- Born: 1784 Bloomsbury, London
- Died: 1824 (aged 39–40)
- Known for: Architectural drawing, Watercolour

= Hugh O'Neill (artist) =

Hugh O'Neill (1784-1824) was an English architectural and antiquarian draughtsman who contributed 441 drawings of scenes from Bristol, England to the topographical collection of George Weare Braikenridge. The Braikenridge Collection makes Bristol's early 19th century appearance one of the best documented of any English city.

O'Neill was born in Bloomsbury, London on 20 April 1784, the son of Jeremiah O'Neill, an architect. He exhibited at the Royal Academy during 1800-04. He was a drawing master at Oxford and Edinburgh, then moved to Bath in 1813.

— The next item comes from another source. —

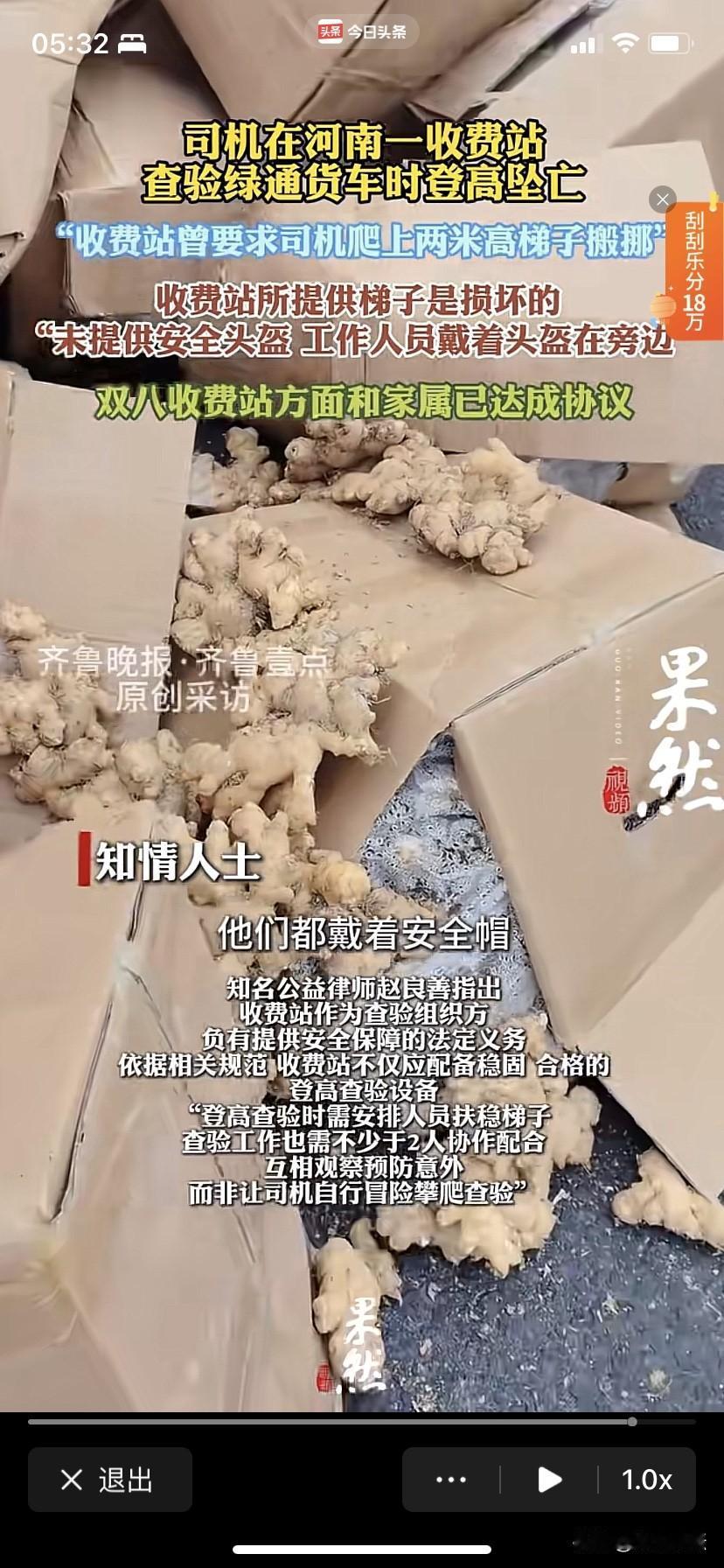 山东大货车司机过收费站时被要求登高查验不慎坠落身亡。 2025年12月9日,一位来自山东聊城阳谷的大货车司机正拉一车姜运往农产品市场,当货车通过河南双八收费站时,货车司机被工作人员要求爬上2米高货车查验时不慎坠亡。 据知情人士透露,他们经过收费站时,工作人员要求司机自己爬上2米高的梯子打开箱子查看货物,但并未给司机提供安全,头盔工作人员却头戴头盔站在旁边观看,他们提供的梯子装有移动轮,但梯子脚固定扣已经损坏,司机在搬挪箱子时梯子发生位移,导致司机身体倾斜不慎坠亡。 据知名公益律师称:收费站作为查验方应负有提供安全保障的法定义务,依据相关规范,查验方不仅应该配备合格的查验设备,登高人员查验时需要收费人员扶稳梯子,并要求查验人员不应少于两人协助配合互相观看,以防发生意外。 目前,赔偿善后事宜正在进行中,一条鲜活的生命瞬间就消失了,一个坏梯子就要了一条人命。 这起事故反映出收费站两大问题:一是工作人员在司机登高时没有扶梯子也没有提供安全帽,是对他人生命的漠视,二是收费站梯子设备破损没有及时更换。如果这些工作都做好了,这起事故就不会发生。[祈祷][祈祷]

In 1821 he settled in Bristol and worked almost exclusively thereafter for George Weare Braikenridge. Most of the commissioned works were in monochrome wash. Some of his surviving drawings suggest that he also undertook commissions for architectural alterations. He does not seem to have participated in the activities of the Bristol School of artists.

He died in Bristol on 7 April 1824.

The Braikenridge Collection is in the Bristol City Museum and Art Gallery. Some of O'Neill's early drawings are in the Ashmolean Museum, Oxford.